What is needed is an exact copy of every line from the one containing "Visit Proof |" through the end of the entries; please set it down without any pictures.

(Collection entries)
*** Begin section ***
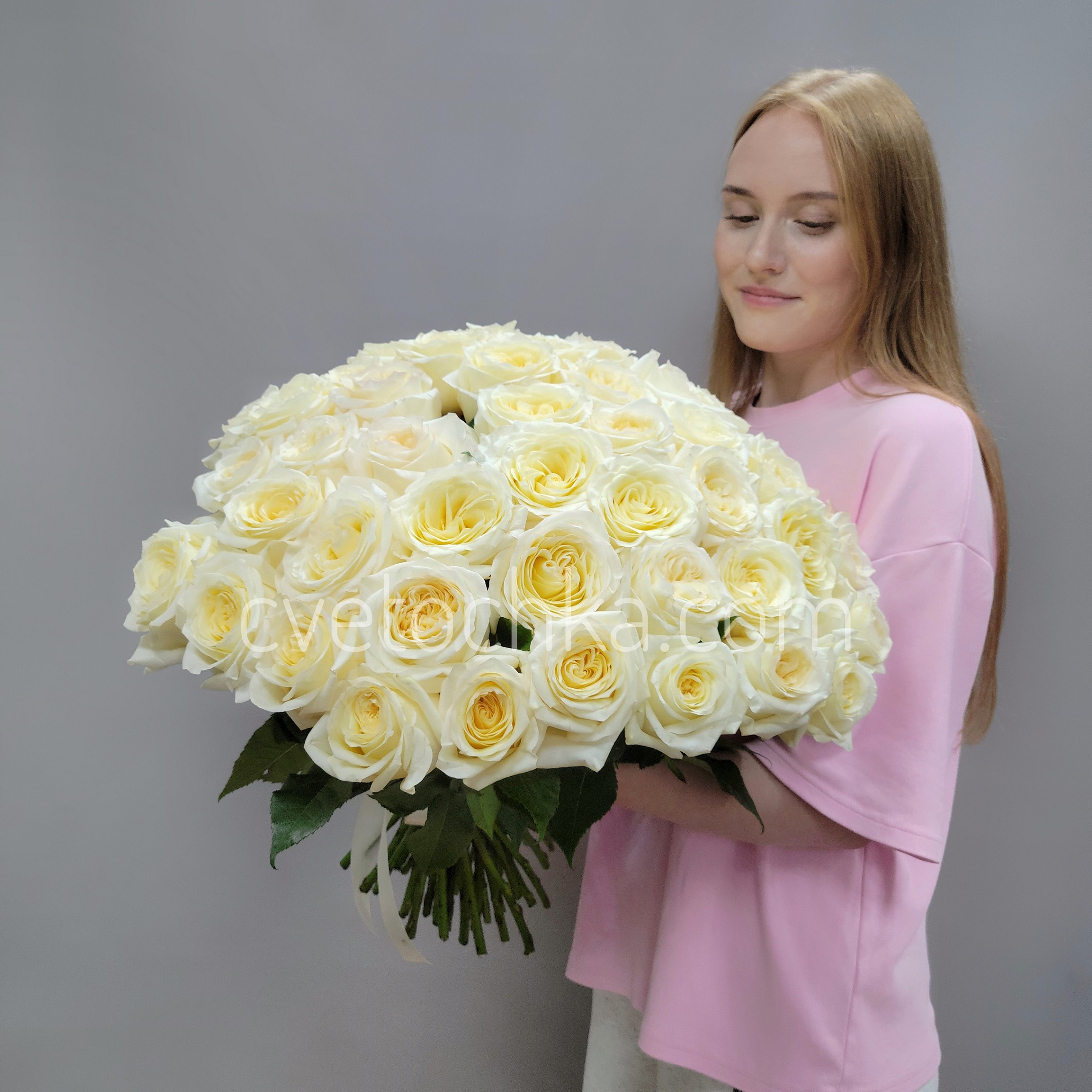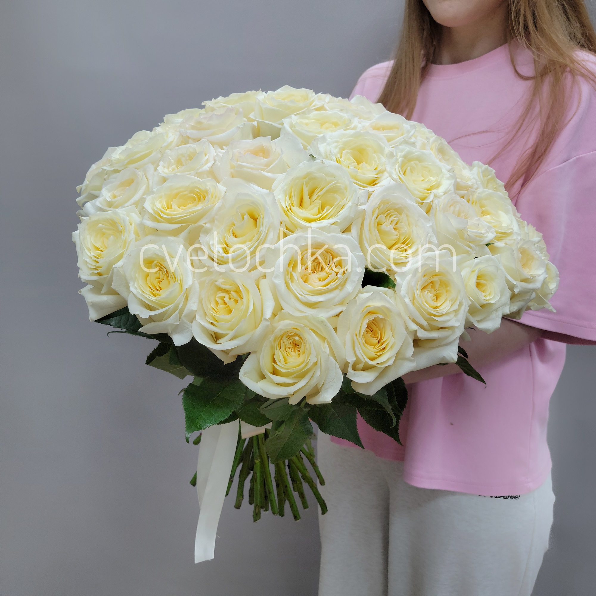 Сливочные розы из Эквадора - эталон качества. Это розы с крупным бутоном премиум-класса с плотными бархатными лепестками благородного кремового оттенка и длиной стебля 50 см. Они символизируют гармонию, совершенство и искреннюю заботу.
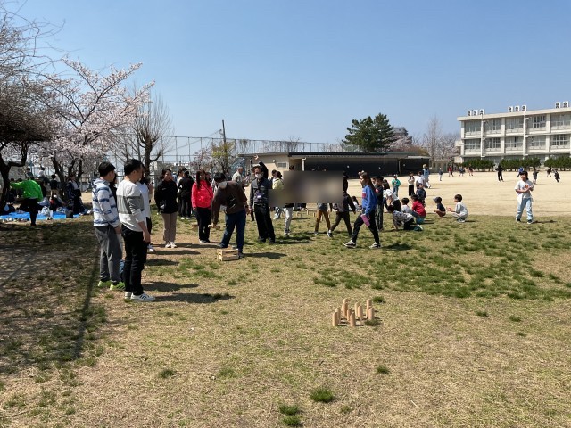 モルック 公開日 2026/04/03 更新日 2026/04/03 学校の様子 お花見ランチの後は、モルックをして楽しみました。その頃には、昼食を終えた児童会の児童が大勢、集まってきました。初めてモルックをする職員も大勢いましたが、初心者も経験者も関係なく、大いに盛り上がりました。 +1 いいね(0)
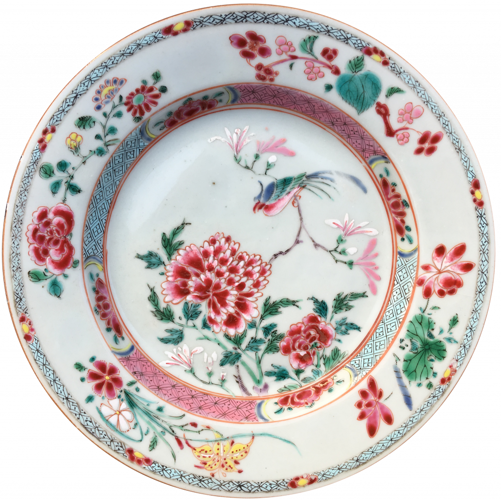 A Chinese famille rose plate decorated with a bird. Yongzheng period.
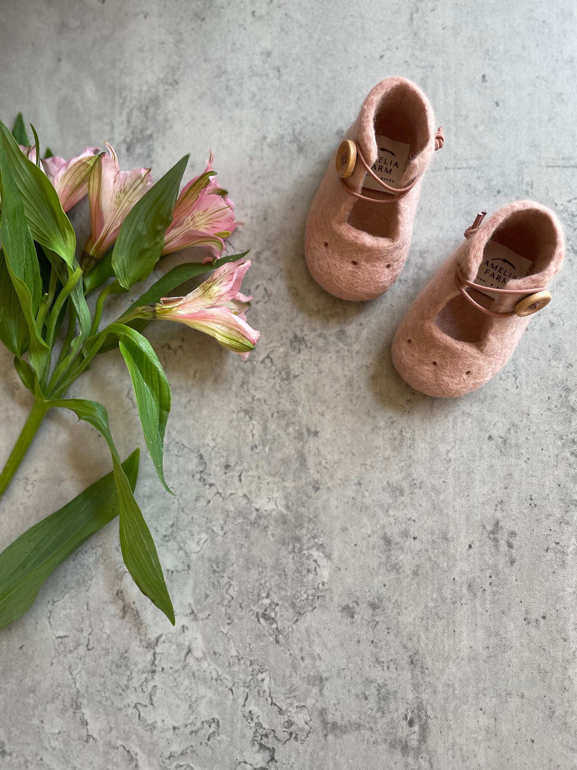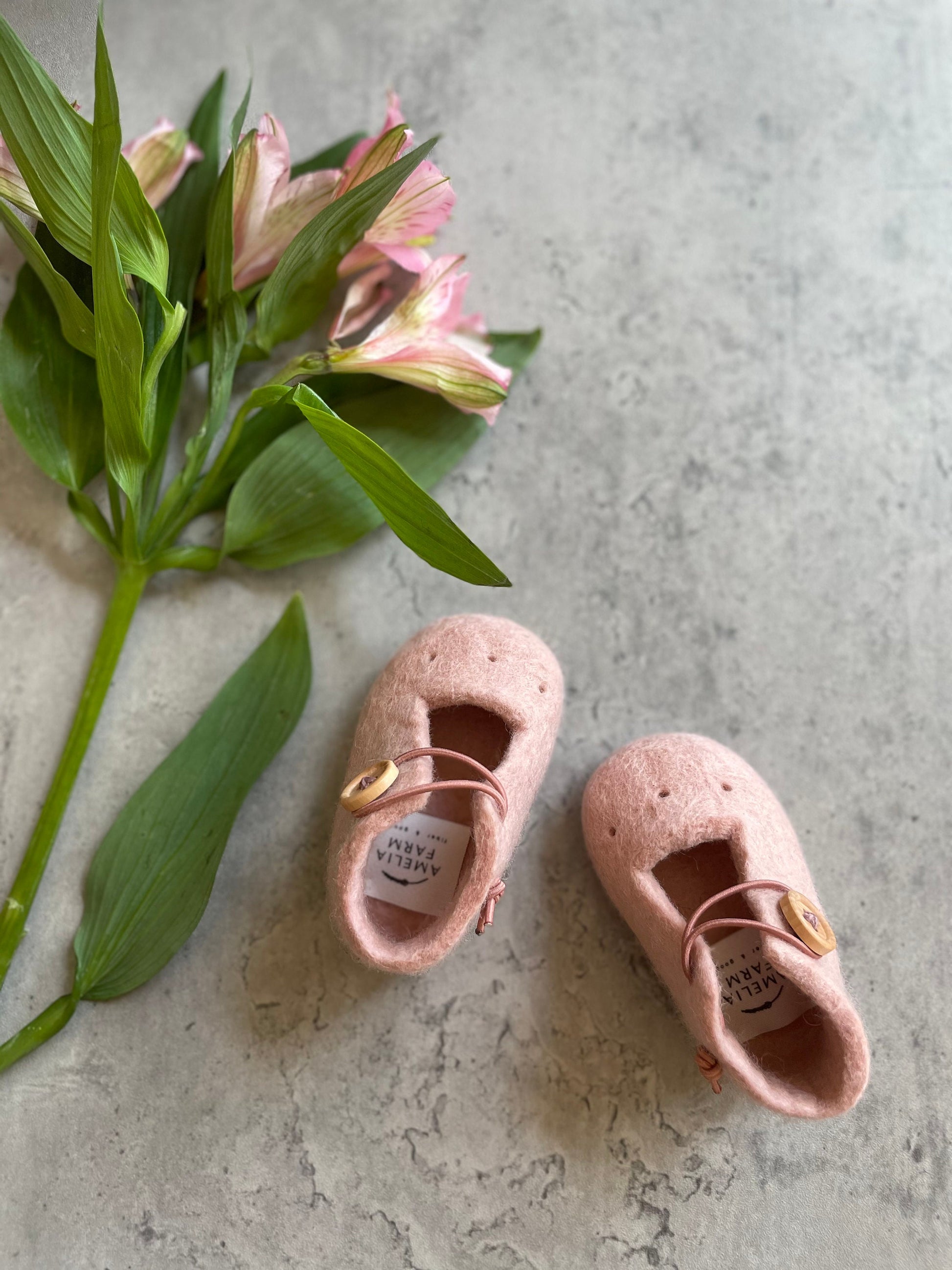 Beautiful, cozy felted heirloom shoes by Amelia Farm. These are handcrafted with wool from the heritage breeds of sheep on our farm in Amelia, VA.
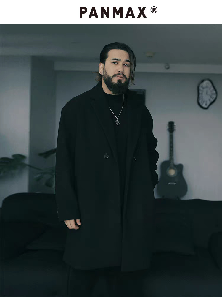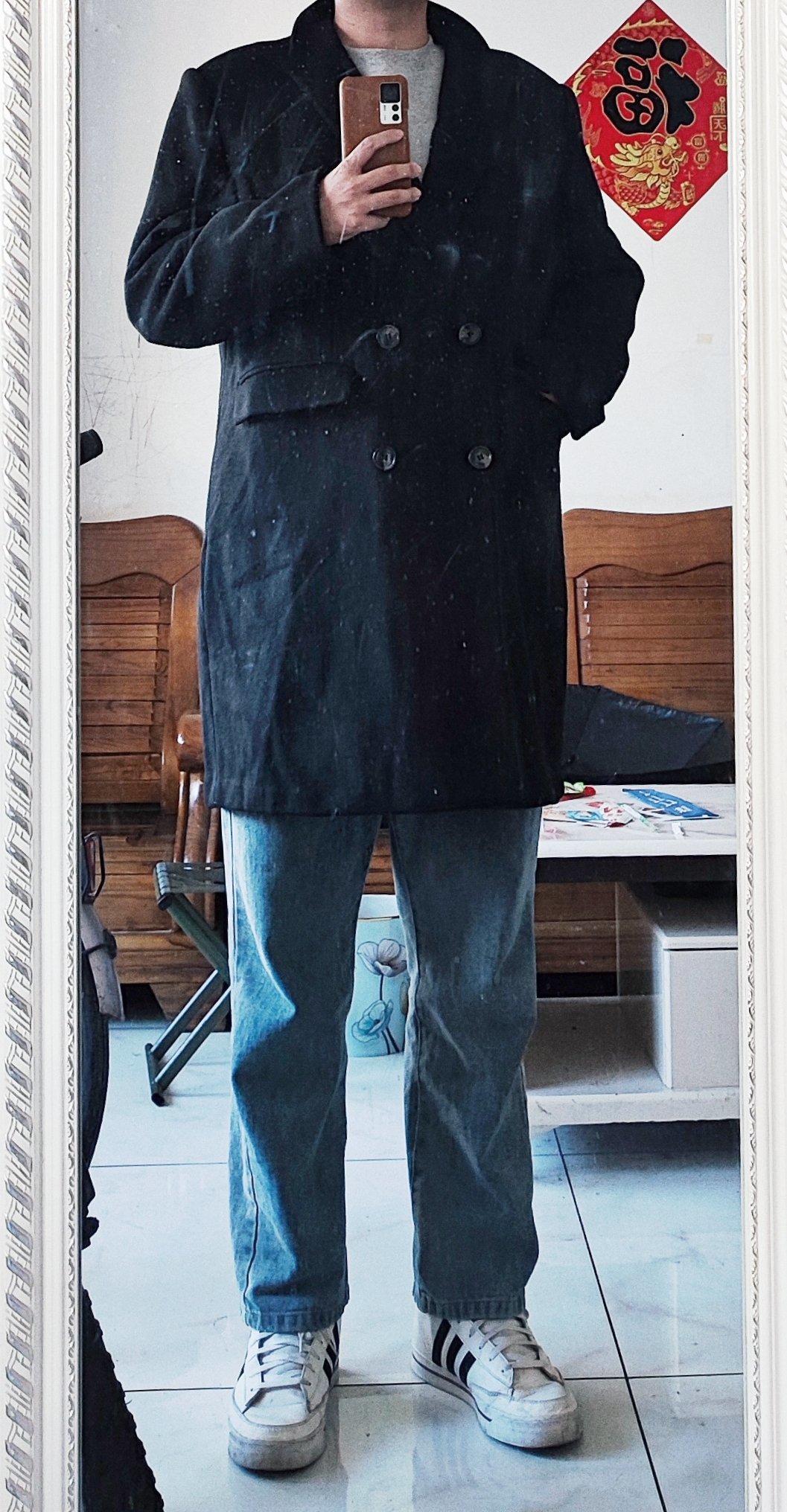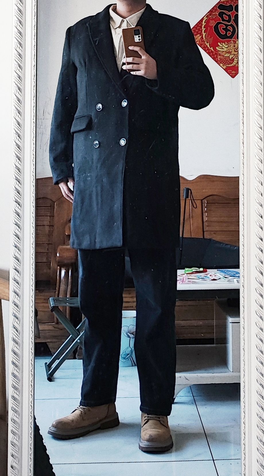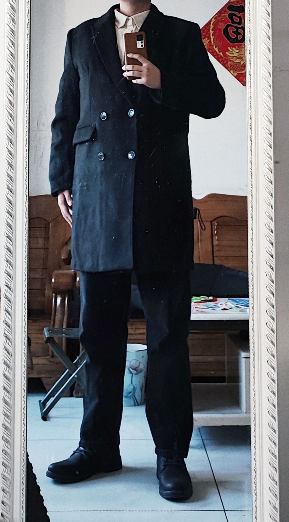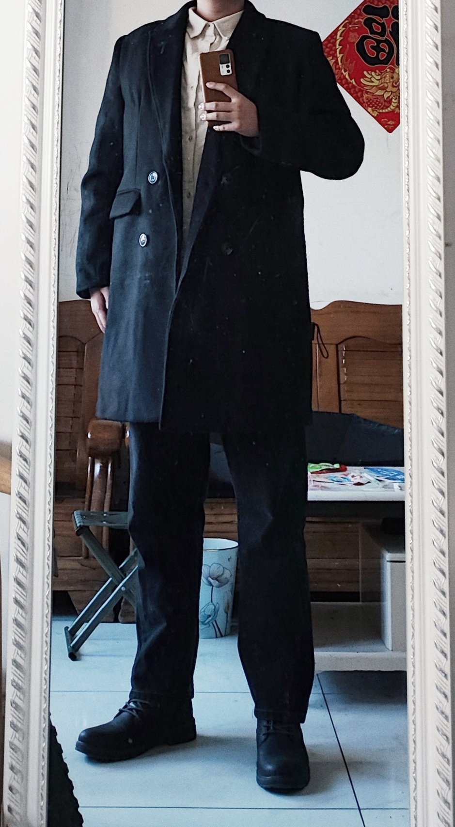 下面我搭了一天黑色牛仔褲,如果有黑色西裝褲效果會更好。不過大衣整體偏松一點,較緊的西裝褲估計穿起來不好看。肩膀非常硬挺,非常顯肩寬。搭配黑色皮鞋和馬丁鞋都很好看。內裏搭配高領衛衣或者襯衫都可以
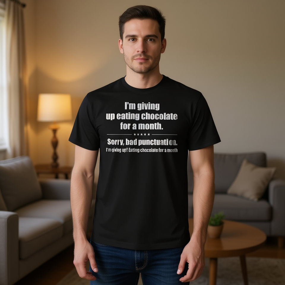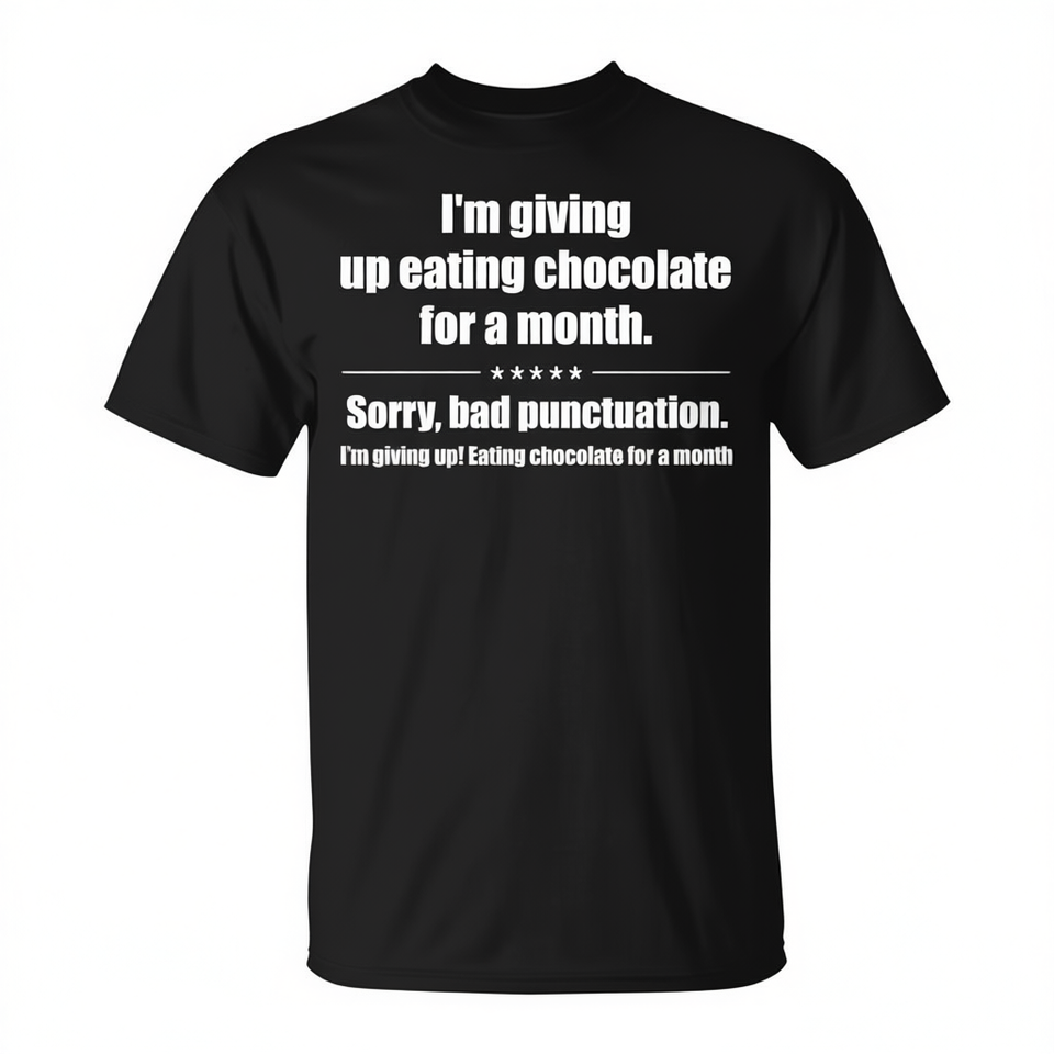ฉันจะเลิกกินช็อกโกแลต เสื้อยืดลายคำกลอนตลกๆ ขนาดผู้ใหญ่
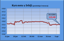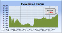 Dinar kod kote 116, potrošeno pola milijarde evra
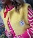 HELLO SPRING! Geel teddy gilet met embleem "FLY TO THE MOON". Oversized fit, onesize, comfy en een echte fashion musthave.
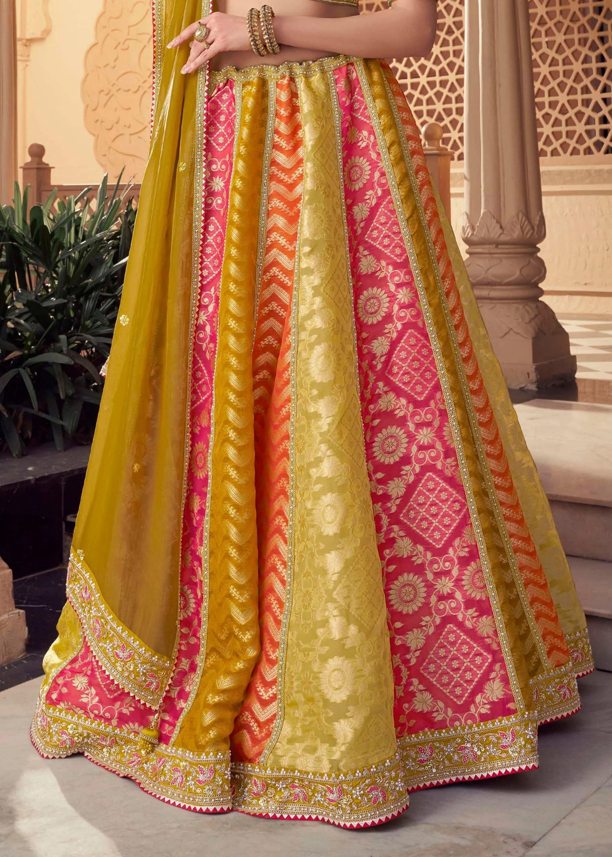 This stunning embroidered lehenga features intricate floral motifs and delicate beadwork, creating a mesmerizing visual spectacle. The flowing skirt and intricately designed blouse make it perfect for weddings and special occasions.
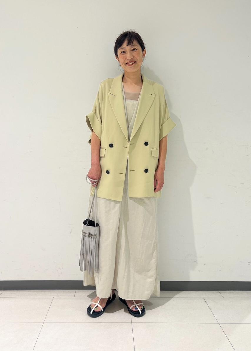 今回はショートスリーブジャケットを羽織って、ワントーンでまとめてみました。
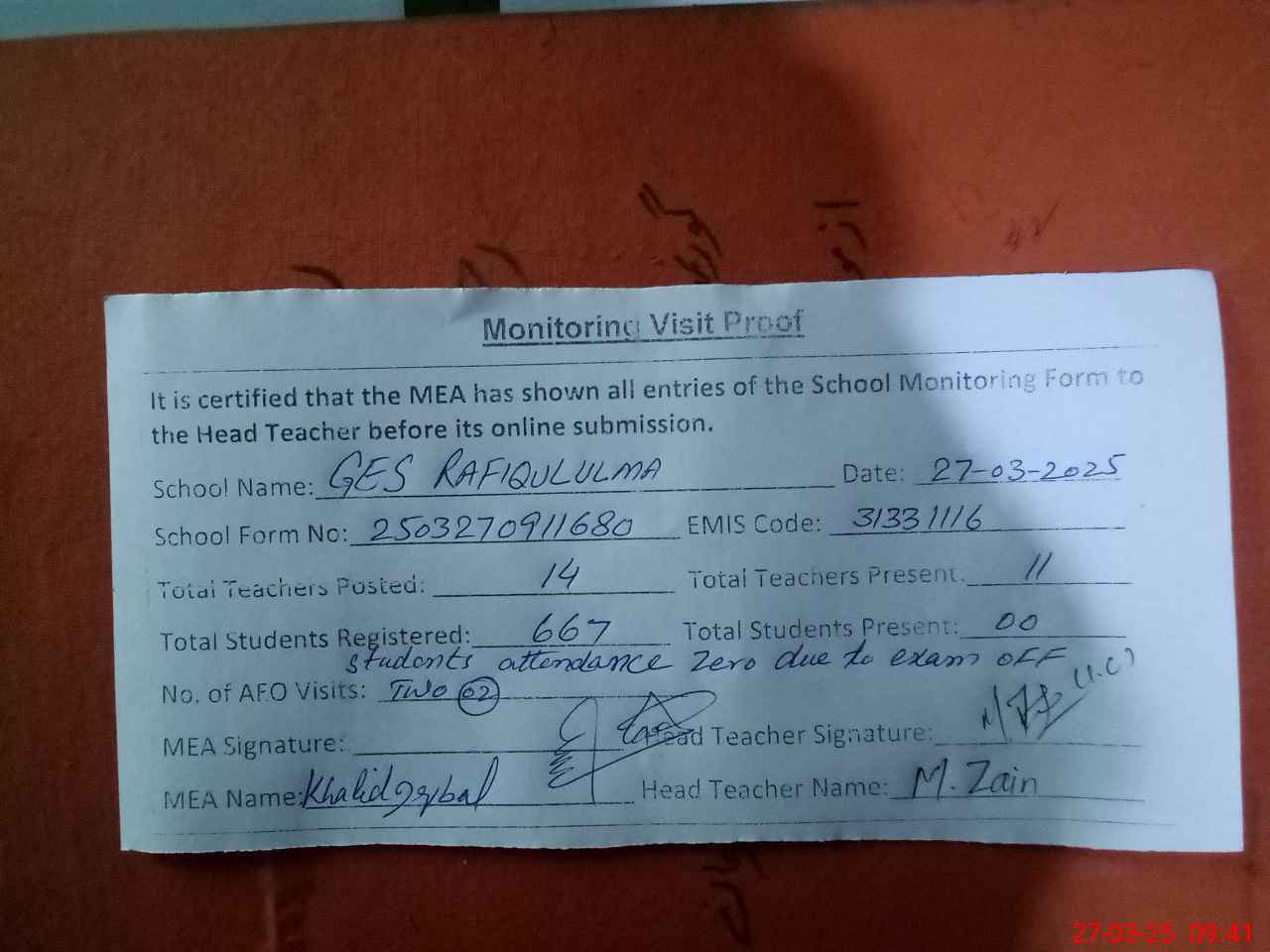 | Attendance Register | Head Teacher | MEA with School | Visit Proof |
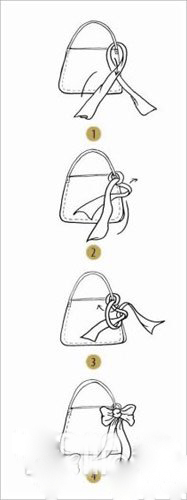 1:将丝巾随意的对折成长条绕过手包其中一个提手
*** End section ***
§ **OUTPUT OF THE EXERCISE**
 | Attendance Register | Head Teacher | MEA with School | Visit Proof |
 1:将丝巾随意的对折成长条绕过手包其中一个提手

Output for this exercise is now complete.